- [Material provided]

· · · · · · ·

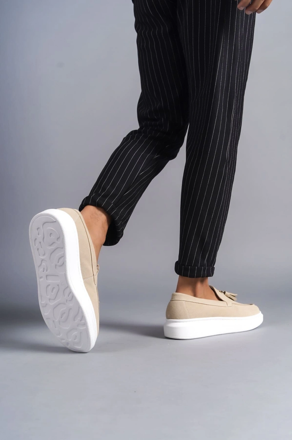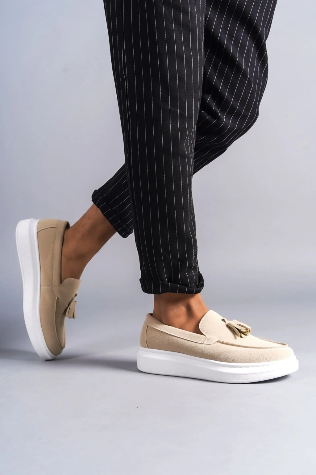 SLW154 Blaze Bağcıksız Püsküllü Süet Erkek Günlük Spor Klasik Ayakkabı SBT - Krem
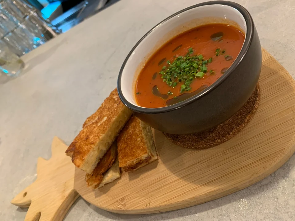 Vegan San Marzano Tomato Soup, fresh basil, served with Crusty Bread.
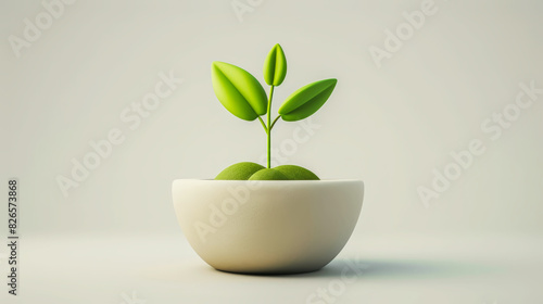 Small green plant in a terracotta pot, set against a neutral background, creating a minimalistic and clean image.

· · · · · · ·

- [Prompt] Images are to be omitted; repeat the remaining data above exactly.

- [Task result]
 SLW154 Blaze Bağcıksız Püsküllü Süet Erkek Günlük Spor Klasik Ayakkabı SBT - Krem
 Vegan San Marzano Tomato Soup, fresh basil, served with Crusty Bread.
 Small green plant in a terracotta pot, set against a neutral background, creating a minimalistic and clean image.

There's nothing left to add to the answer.